TASS’s rendering of this portion of the 60 Minutes interview is misleading.

First, TASS makes no mention of Alexander Torshin, whom Butina admitted had “directed” her activities as a foreign agent in the United States.

Torshin, who resigned as deputy governor of Russia’s Central Bank in November 2018 – one month prior to Butina’s guilty plea – was also a former Russian senator who has close ties to Russian President Vladimir Putin. According to Politico, a U.S. newspaper, FBI counterintelligence linked Torshin to a “U.S.-Russia exchange program” that the agency alleges “was an elaborate cover for a Washington-based Russian spy recruiting effort.”

A screenshot of Maria Butina's vKontakte post with a photograph of her standing next to Alexander Torshin in Washington, DC
A screenshot of Maria Butina's vKontakte post with a photograph of her standing next to Alexander Torshin in Washington, DC

Politico also reported that Torshin helped facilitate the so-called “Illegals Program” spy swap, in which 10 Russian operatives who had been living undercover in the U.S. for years (including “Anna Chapman”) were exchanged for four Russian citizens imprisoned by Russia on espionage charges.

In April 2018, the U.S. Treasury Department sanctioned Torshin for election interference, while Spanish investigators have linked him to Russian mafia activity.

Spanish police have accused Alexander Torshin of Laundering Money for Russia's "Taganskaya" Crime Syndicate
Spanish police have accused Alexander Torshin of Laundering Money for Russia's "Taganskaya" Crime Syndicate

CBS reported it obtained thousands of private Twitter messages between Butina and Torshin, which apparently caught Butina off guard.

One exchange went as follows:

Stahl: Was [Torshin] close to Putin?

Butina: I don't think so.

Stahl: So you wrote him a message and you said, "You are an influential member of [Putin's] team." Your words.

Butina: It doesn't suggest he's close to Putin in any way.

Stahl: But was he an influential member of Putin's team?

Butina: I don't know.

Stahl: Well, you wrote that. You know, in reading through your messages it reads as if he's -- your intelligence case officer.

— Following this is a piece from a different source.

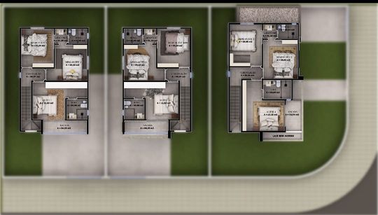 Térreo: Sala de estar, sala de jantar/cozinha, lavabo, churrasqueira, pátio, vaga de garagem para 2 carros.
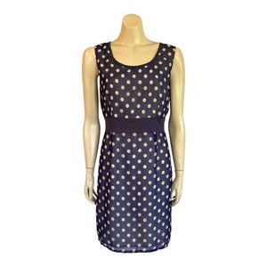 Fever London Shift Dress Sz 16 Satin Lined Chiffon Round Neck Blue Gold PolkaDot

Butina: Look, this is-- I think it's an American, very old saying that suggests that wolves have teeth, but not all animals with teeth are wolves. You cannot judge a person based on appearance.

Stahl did not merely allege some government person was behind Butina, as reported by TASS.

Stahl said “you can get the impression that there's some government person higher than Torshin kinda directing this whole thing, pulling the strings,” citing actions that implied “they needed to run the decision up to a more senior level.”

John Demers, the U.S. assistant attorney general for national security, in a CBS interview called Butina’s answers “a masterpiece of disinformation.”

“It had conflation, obfuscation, changing the subject, accusing you of being sexist, accusing the American people of being racist against Russians whenever the questions got difficult… trying to change the topic. Partial denials,” Demers told 60 Minutes.

RUSSIA -- Maria Butina, who served nine months in a U.S. jail for acting as a Russian government agent arrives at Moscow's Sheremetyevo airport on October 26, 2019, a day after her release from prison.
RUSSIA -- Maria Butina, who served nine months in a U.S. jail for acting as a Russian government agent arrives at Moscow's Sheremetyevo airport on October 26, 2019, a day after her release from prison.

As Stahl noted, upon being greeted with a “media frenzy” after returning to Moscow, Butina “immediately started giving interviews about the conditions of her incarceration.”

Likewise, the TASS article, titled “Butina says being in US prison was 'torture',” hit on many of those disinformation themes, while ignoring most of the evidence presented by Stahl and opting not to mention Torshin at all.

Polygraph.info thus finds TASS’s presentation of the Butina interview to be misleading.